Each case needs to be looked at individually. Often times the patient and doctor will manage the expectations together so that even a little bit of improvement is considered a successful outcome in severe cases.
The age and overall physical condition of the patient plays a big roll as well.
Recently, there has been some exciting research that has come out. It is available in the new Spinal Decompression Special Report. This report highlights the benefits of spinal decompression with the DRX9000, and paves the way for double blind studies. The future looks bright for nonsurgical spinal decompression with the DRX9000.
If you are in New York City and have DJD and are interested in DRX 9000 visit www.drshoshany.com
DRX 9000 nyc

www.drshoshany.com
Call (212) 645-8151 for Chiropractic, Massage, Physical therapy, Pain management in Manhattan NYC.I was interviewed by Chiropractic Products magazine for the March issue.The topic was of course Spinal decompression.

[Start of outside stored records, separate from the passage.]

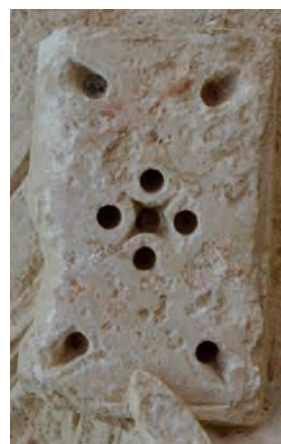
Fig.1c : Détail de l'ornementation du livre.

Le personnage tient par ailleurs dans sa main gauche un livre. Le bras replié qui le soutient accentue les plis du vêtement, ciselés et représentés avec une grande maîtrise par le tailleur.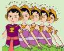
Tari Serimpi, Jawa Tengah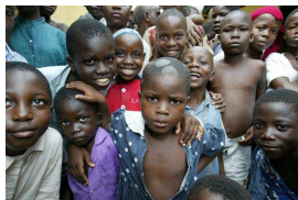
Nr. 2 Anzahl: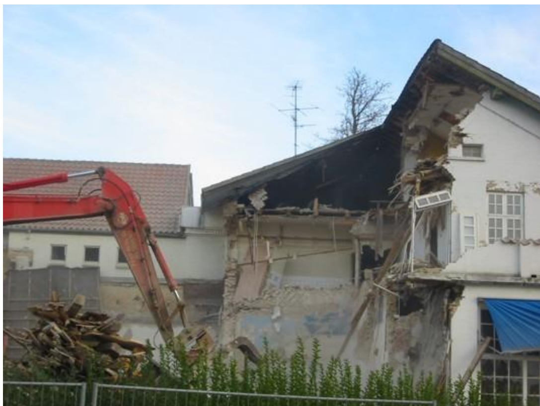
Nedbrudt 2004 – 2005.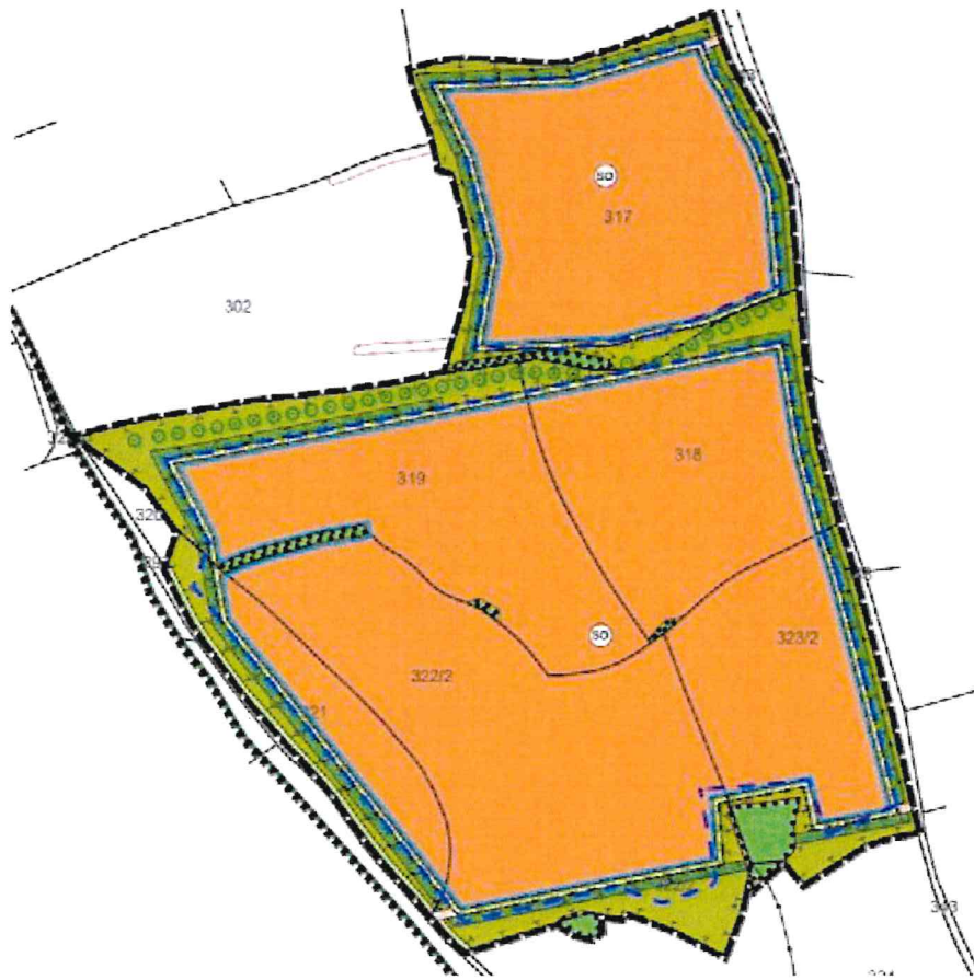
Abb. Geltungsbereich des Vorhabens (Ausschnitt BP ohne Maßstab)

Ferner sind für den Artenschutz auch externe Ausgleichsflächen erforderlich, die westlich des o.g. Vorhabens liegen (Fl.Nr. 398 Gmk. Neuhaus).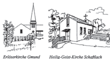
Erlöserkirche Gmund Heilig-Geist-Kirche Schaftlach

Evangelisch-Lutherische Kirchengemeinde 83703 Gmund a. Tegernsee Kirchenweg 15 E-Mail: pfarramt.gmund@elkb.de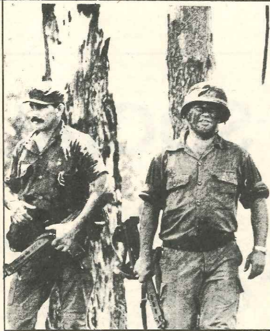
"Rangers" del subdesarrollo.

Todas estas concesiones han llevado a que los militares sigan intentando que se deje en libertad y sin juzgar a la totalidad de los militares responsables del genocidio.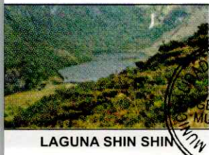
LAGUNA SHIN SHIN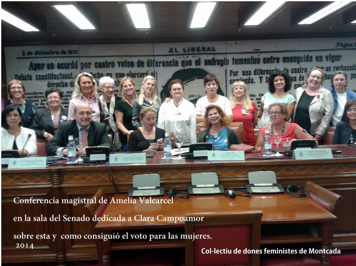
Conferencia magistral de Amelia Valcarcel en la sala del Senado dedicada a Clara Campoamor sobre esta y como consiguió el voto para las mujeres. 2014

Col·lectiu de dones feministes de Montcada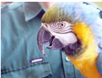
Sicht ohne grauen Star , Marcela, 04.01.14

Der graue Star bezeichnet die Eintrübung der durchsichtigen Augenlinse. Die Sehstärke lässt langsam nach, wobei das zur totalen Erblindung führen kann, wenn man nicht operativ eingreifen lässt.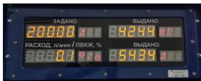
Рисунок 7 – Табло информационное (ТИ-01)

Места нанесения клейм (наклеек и пломб) на составные части системы изображены на рисунках 8 – 11.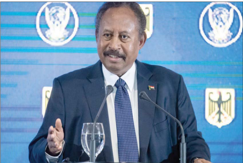
رئيس الوزراء السوداني عبد الله حمدوك

الجبهة الثورية خلال الاجتماعات في اتجاه زيادة عدد مقاعدها في مجلس الوزراء إلى أكثر من النسيبة المتفق عليها في اتفاقية السلام، بحجة أن الحكومة سيتم حلها وإعادة تشكيلها من جديد.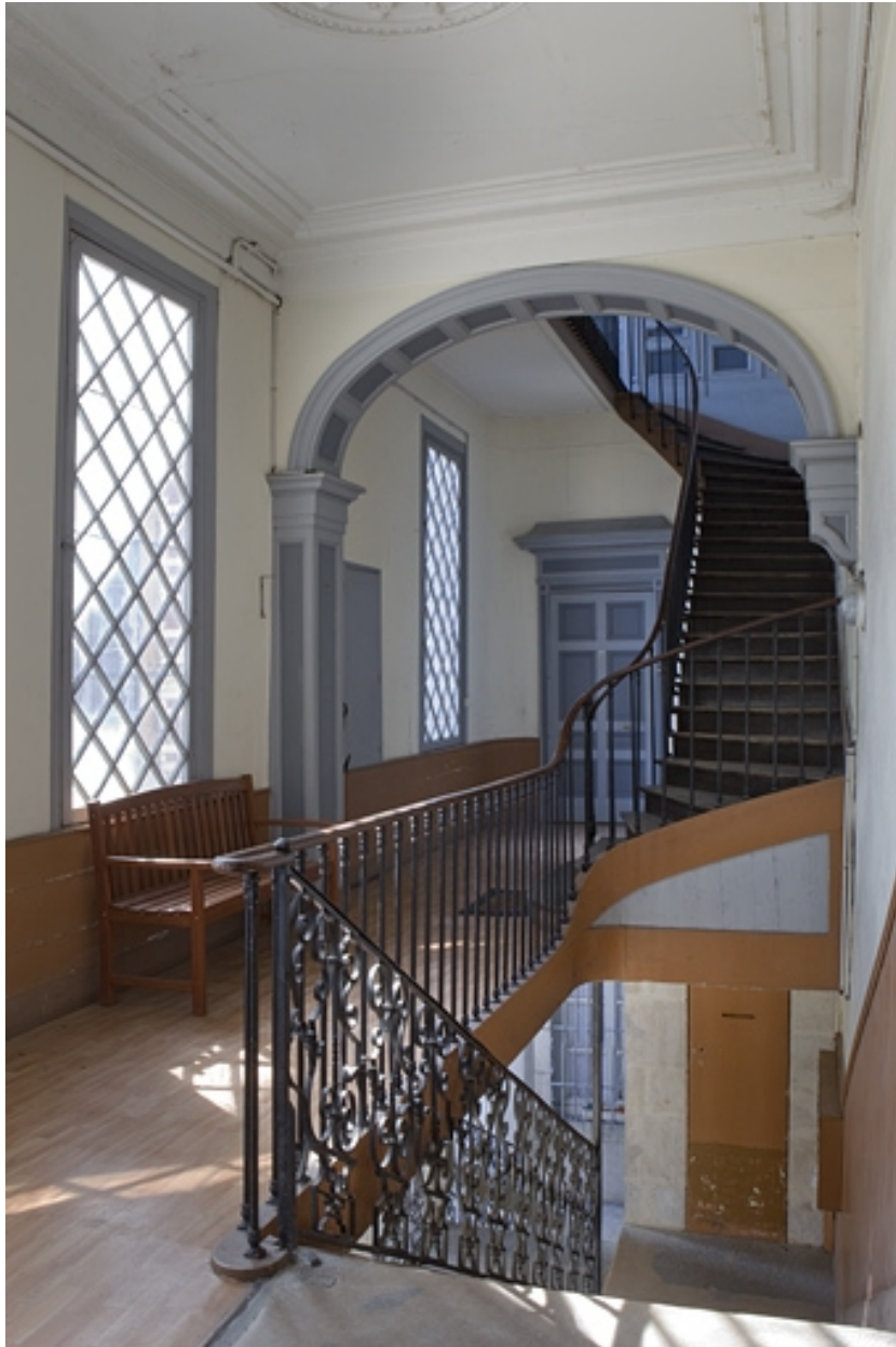
Vue des volées supérieures de l'escalier.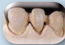
Levitä ohut GC Initial MC -pastaopaakkikerros. Ennen polttoa opaakkipinnalle vietään Fluo Chrystal kiteitä.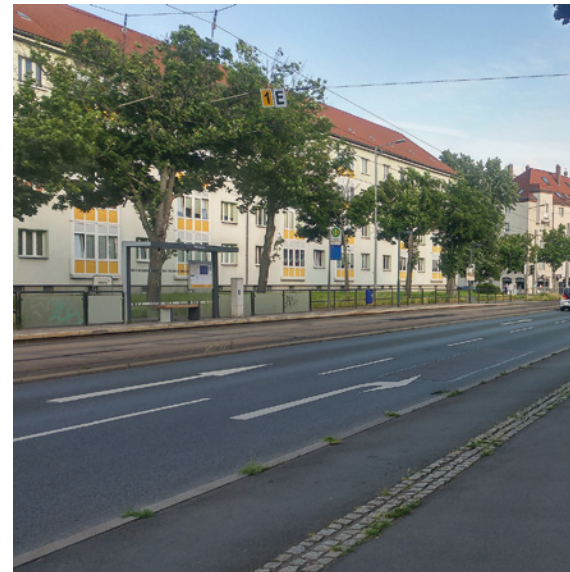
Landsberger Straße Richtung Viertelsweg

Im Zuge der Bauarbeiten gibt es für den Fußverkehr einige Verbesserungen in Sachen Barrierefreiheit. An den Einmündungen fast aller Nebenstraßen werden Gehwegvorstreckungen angelegt, die das Überqueren erleichtern und für die Verlangsamung des abbiegenden Kfz-Verkehr sorgen. Dort sowie an den Ampelanlagen und Haltestellen werden Bodenleitsysteme installiert. Außerdem sollen Poller und Radbügel an den Gehwegnasen errichtet werden, damit Querungshilfen und Sichtachsen für den fließenden Verkehr frei bleiben.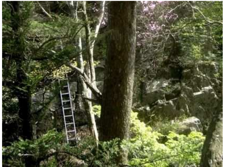
崖下にアルミ梯子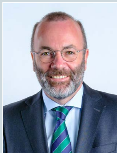
Manfred Weber poslanec EP, predseda skupiny PPE v Európskom parlamente

Chcel by som poďakovať členom skupiny PPE v osobitných výboroch, ktorí vykonali veľmi dôležitú prácu, aby zabezpečili, že naše priority skupiny PPE boli zahrnuté do správ, ako aj zamestnancom, ktorí sprevádzali prácu osobitných výborov.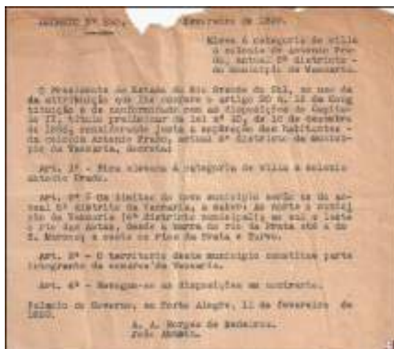
Imagem 2 – Decreto de emancipação do município de Antônio Prado (1899)

Neste período, o povo pradense começou a buscar oportunidades de trabalho e estudos em outras cidades, e com isso a população de Antônio Prado começou a diminuir, e entre 1970 e 1980 teve o seu período mais crítico. Porém, esse isolamento e afastamento da cidade, resultou em uma involuntária preservação do patrimônio histórico da cidade uma vez que as casas permanecem intactas (ROVEDA, 2003). Com o passar dos anos Antônio Prado começou a evoluir, e o comércio estava ascendendo novamente devido a construção da Estrada Júlio de Castilhos, que cortava Antônio Prado e fazia ligação entre Porto Alegre e Caxias do Sul.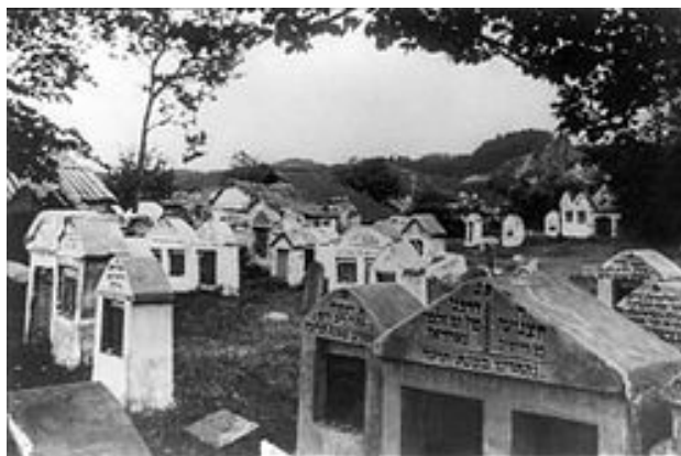
בית הקברות היהודי בוילנה בשנות ה-20 של המאה ה-20

קהילת וילנה נוסדה במאה ה-16 (בשנת 1543), כאשר המלך זיגמונד III נתן ליהודים כתב זכויות לפיו מותר להם לשכור ולקנות בתים בעיר ולסחור בה. כמו כן, מותר להם לייסד מוסדות ציבוריים הדרושים לקהילה. מאידך גיסא, לא נזכרת בכתב זכויות זה הרשות לעסוק במלאכה. את הזכות הזאת קיבלו כמאה שנה מאוחר יותר (ב-1633) מהמלך ולדיסלב IV. אולם, כתבי זכויות הם דבר אחד, והמצב בשטח הוא דבר אחר. למעשה, היו מאבקים מתמידים בין היהודים לבין העירוניים הנוצריים על זכויות המסחר, המלאכה ואזורי המגורים. היות והאצילים התנגדו לעירוניים - הם תמכו ביהודים, והמלך ניסה לפשר בין הצדדים. מה שהעירוניים לא השיגו בדרך של הגבלות מצד החוק - ניסו להשיג באלימות, בהתנפלויות על בעלי מלאכה יהודיים ועל בתיהם.

I have not read it but once I get it I will post the link to the Chiropractic Products website. This is such a hot topic for Chiropractors. NYC Chiropractors are starting to add this modality into their practice. I often refer patients that come to me to Chiropractors that are closer to them, I am in Greenwich Village in Manhattan. I do not like for patients to spend to much time traveling to me because sitting is the worst position for the Low Back.
If you live or work near Midtown Manhattan or Lower Manhattan and have back pain or sciatica consider treatment like Chiropractic, Medical Massage, Spinal Decompression.
Medical massage is covered by most major medical plans.
Treatment on The DRX 9000 may be partially paid my most major medical carriers.
Chiropractic NYC is covered by BC/BS, Cigna,Aetna, United and many more.